*** Data extracts Section Begins ***

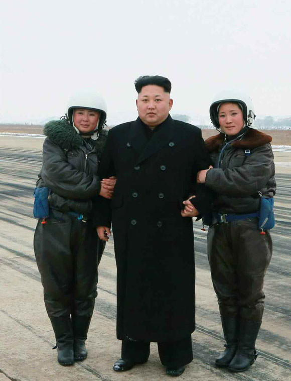 Nhà lãnh đạo Triều Tiên chụp ảnh với các nữ phi công chiến đấu.
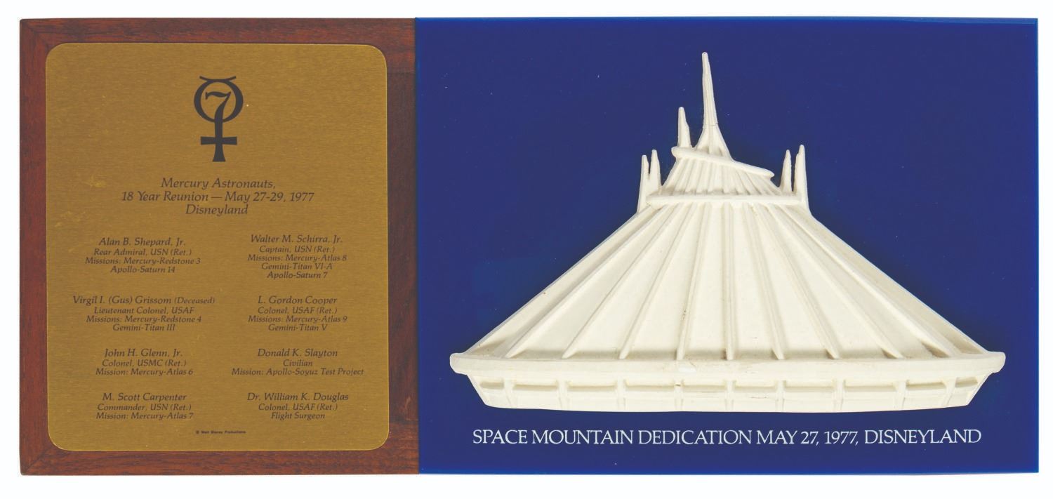 (Disneyland, 1977) A very rare commemorative plaque created for the Mercury Astronauts 18-year reunion event at Disneyland as part of the Grand Opening weekend for Space Mountain. The event was held between May 27-29, 1977, and this seldom-seen gift features a metal plaque with the names of eight Mercury Astronauts, six of whom attended the opening, as well as a dimensional recreation of the Space Mountain attraction building. This rare gift measures 6.25"x13.75" and 1.5" deep and is in very good overall condition with a few small nicks and scuffs to the attraction building. There is a small crack in the base of the top spire on the building.
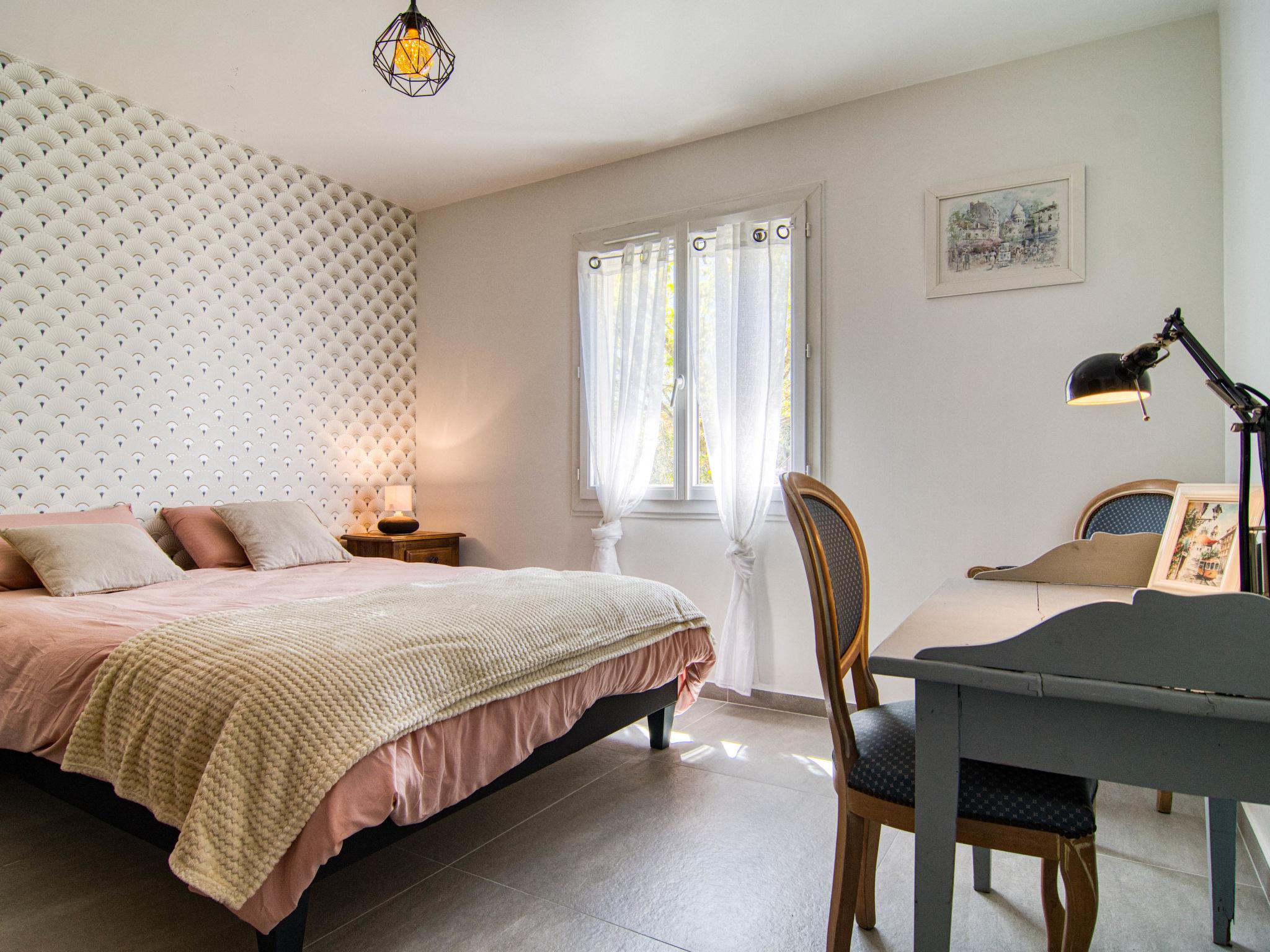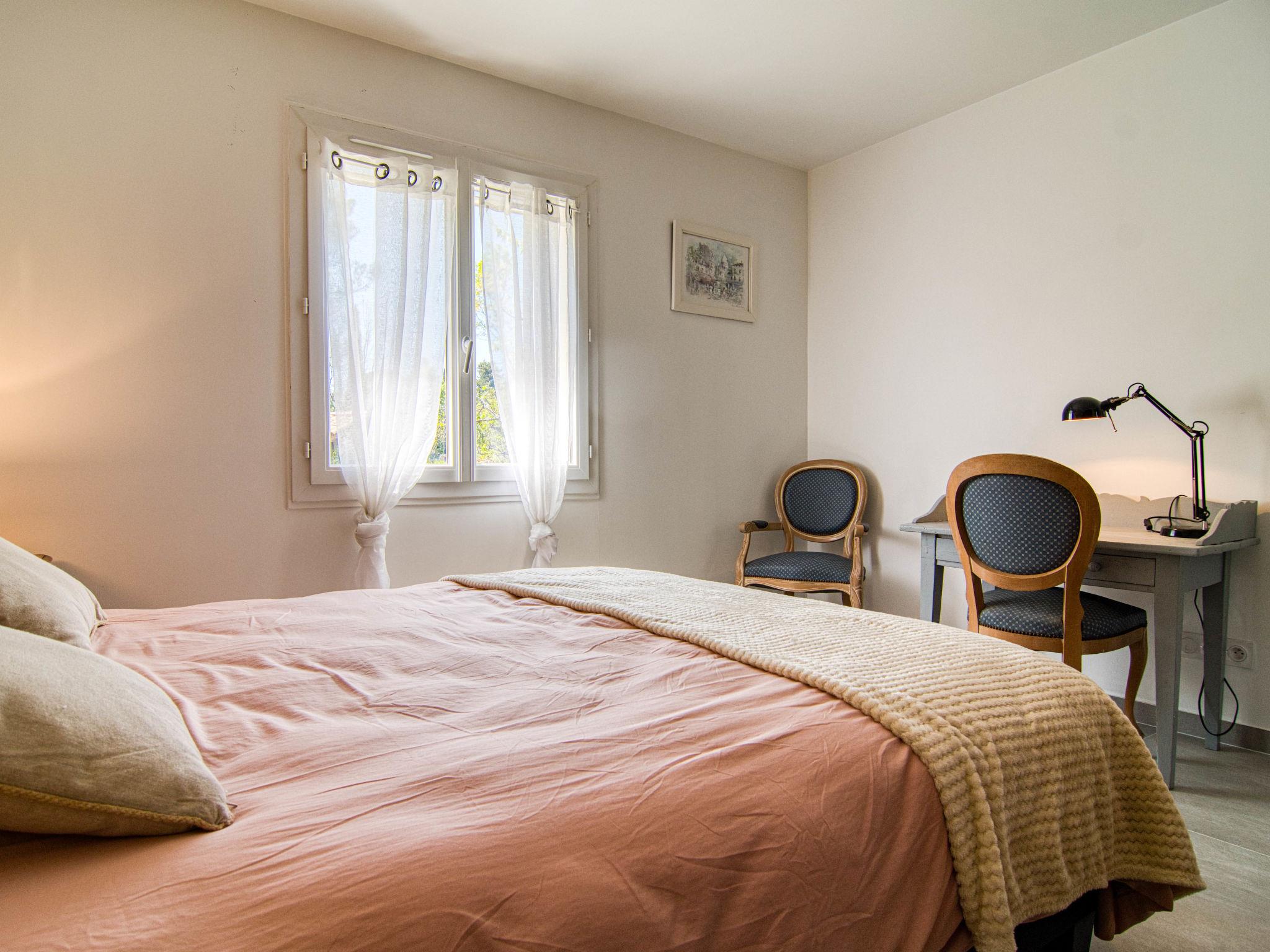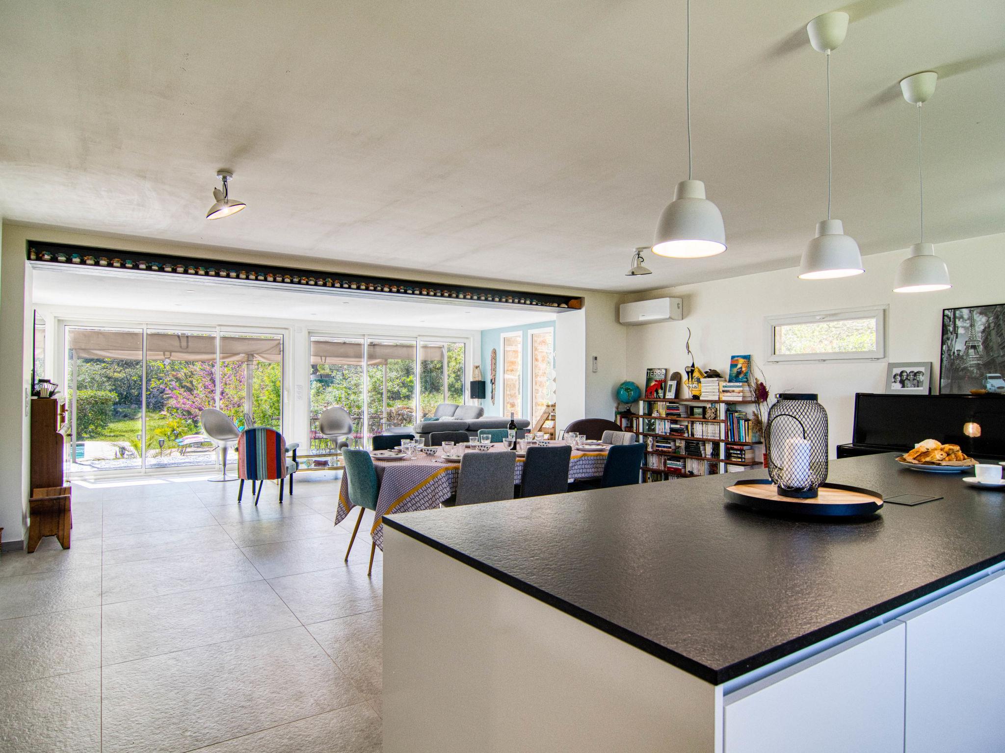 "Villa Azurine", 4-room villa 145 m2. Comfortable and beautiful furnishings: large living/dining room with open-hearth fireplace (only for decoration), dining table and TV (flat screen), air conditioning. Exit to the terrace. Open office with 1 double sofabed (140 cm, length 190 cm), air conditioning. 1 room with 1 french bed (160 cm, length 200 cm), shower. 1 room with 1 french bed (160 cm, length 190 cm). 1 room with 2 beds (90 cm, length 200 cm). Kitchenette (oven, dishwasher, 4 ceramic glass hob hotplates, toaster, kettle, microwave, electric coffee machine, cooking island). Bath/WC, sep. WC. Terrace furniture, barbecue, deck chairs (4). Facilities: washing machine, baby cot for up to 3 year olds. Internet (WiFi, free). Please note: suitable for families. Non-smoking house. Smoke alarm. Offer by a private individual according to Art. 155, IV of CGI. 83064000078AF
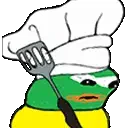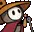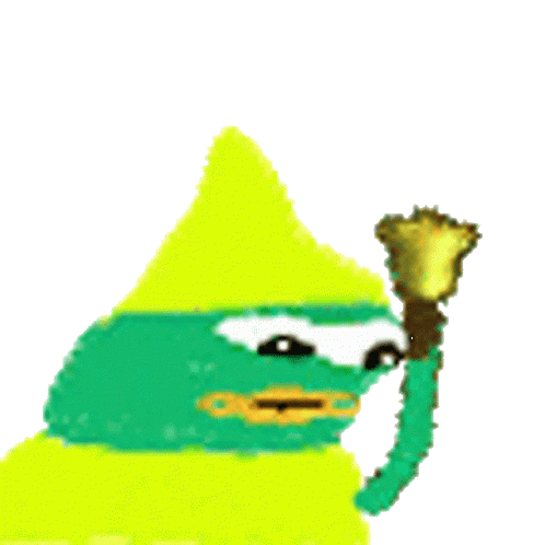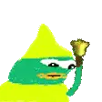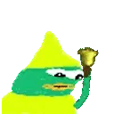A pixel art character, Dinkdonk, wearing a yellow hat and holding a bell, depicted in a simple, cartoonish style.
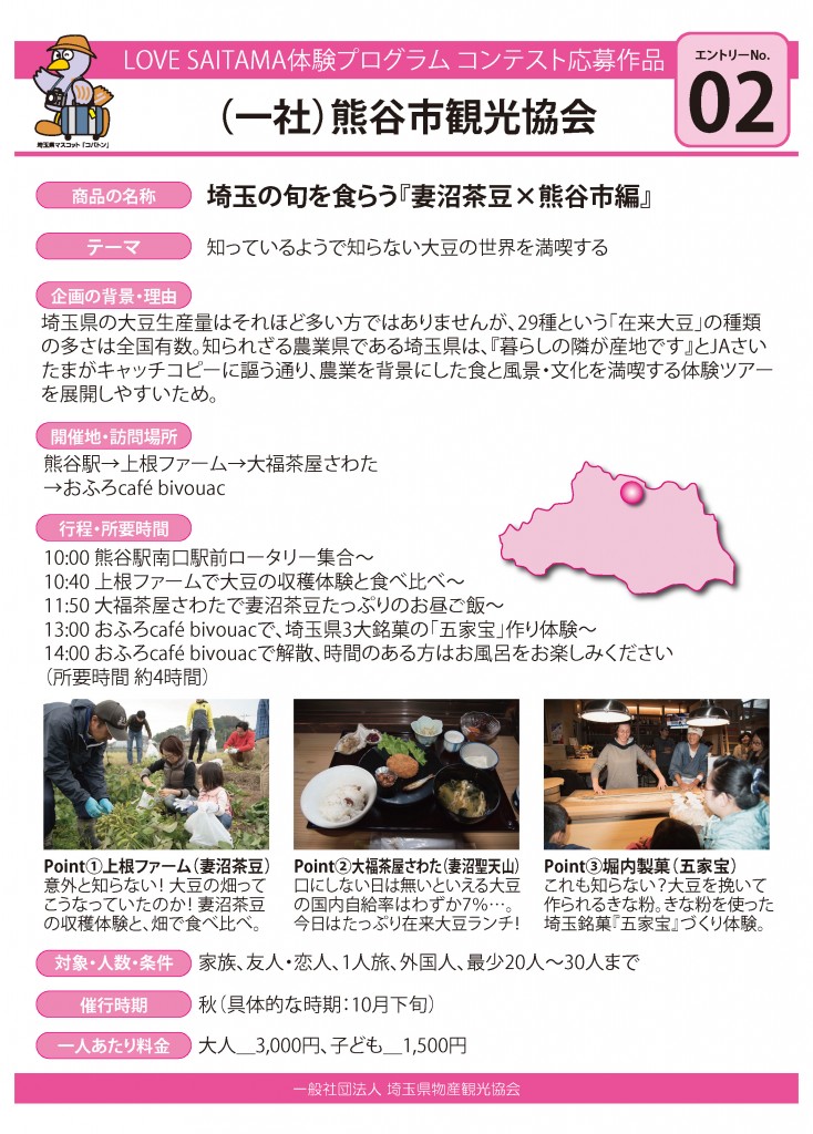 その一環として県内の体験プログラムを一堂に集め、魅力を競う『LOVE SAITAMA 体験プログラムコンテスト』が行われ、当協会が昨年10月に実施した「埼玉の旬を喰らうプロジェクト『妻沼茶豆×熊谷市』編」が、初代グランプリに輝きました!
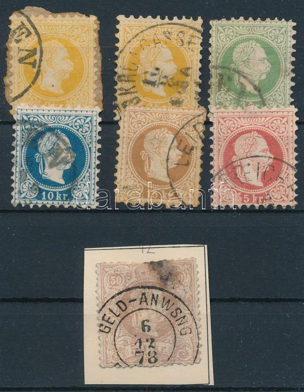 Leírás: 1867 7 db forgalmi bélyeg, finom nyomat (50kr foghiba / perf. fault)
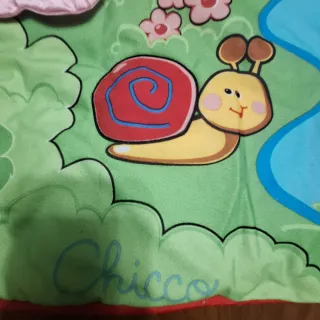 Manta de actividades de la marca Chicco, ideal para el entretenimiento y desarrollo del bebé. Presenta un diseño colorido con temática de granja y animales. - Incluye varios elementos interactivos y texturas. Tiene sonidos - Diseñada para estimular los sentidos del bebé. - Fácil de plegar y transportar.

*** Data extracts Section Ends ***

*What the task requires*
A word-for-word restatement of all the lines above is needed, with the pictures omitted.

*Response below*
 Nhà lãnh đạo Triều Tiên chụp ảnh với các nữ phi công chiến đấu.
 (Disneyland, 1977) A very rare commemorative plaque created for the Mercury Astronauts 18-year reunion event at Disneyland as part of the Grand Opening weekend for Space Mountain. The event was held between May 27-29, 1977, and this seldom-seen gift features a metal plaque with the names of eight Mercury Astronauts, six of whom attended the opening, as well as a dimensional recreation of the Space Mountain attraction building. This rare gift measures 6.25"x13.75" and 1.5" deep and is in very good overall condition with a few small nicks and scuffs to the attraction building. There is a small crack in the base of the top spire on the building.
 "Villa Azurine", 4-room villa 145 m2. Comfortable and beautiful furnishings: large living/dining room with open-hearth fireplace (only for decoration), dining table and TV (flat screen), air conditioning. Exit to the terrace. Open office with 1 double sofabed (140 cm, length 190 cm), air conditioning. 1 room with 1 french bed (160 cm, length 200 cm), shower. 1 room with 1 french bed (160 cm, length 190 cm). 1 room with 2 beds (90 cm, length 200 cm). Kitchenette (oven, dishwasher, 4 ceramic glass hob hotplates, toaster, kettle, microwave, electric coffee machine, cooking island). Bath/WC, sep. WC. Terrace furniture, barbecue, deck chairs (4). Facilities: washing machine, baby cot for up to 3 year olds. Internet (WiFi, free). Please note: suitable for families. Non-smoking house. Smoke alarm. Offer by a private individual according to Art. 155, IV of CGI. 83064000078AF
A pixel art character, Dinkdonk, wearing a yellow hat and holding a bell, depicted in a simple, cartoonish style.
 その一環として県内の体験プログラムを一堂に集め、魅力を競う『LOVE SAITAMA 体験プログラムコンテスト』が行われ、当協会が昨年10月に実施した「埼玉の旬を喰らうプロジェクト『妻沼茶豆×熊谷市』編」が、初代グランプリに輝きました!
 Leírás: 1867 7 db forgalmi bélyeg, finom nyomat (50kr foghiba / perf. fault)
 Manta de actividades de la marca Chicco, ideal para el entretenimiento y desarrollo del bebé. Presenta un diseño colorido con temática de granja y animales. - Incluye varios elementos interactivos y texturas. Tiene sonidos - Diseñada para estimular los sentidos del bebé. - Fácil de plegar y transportar.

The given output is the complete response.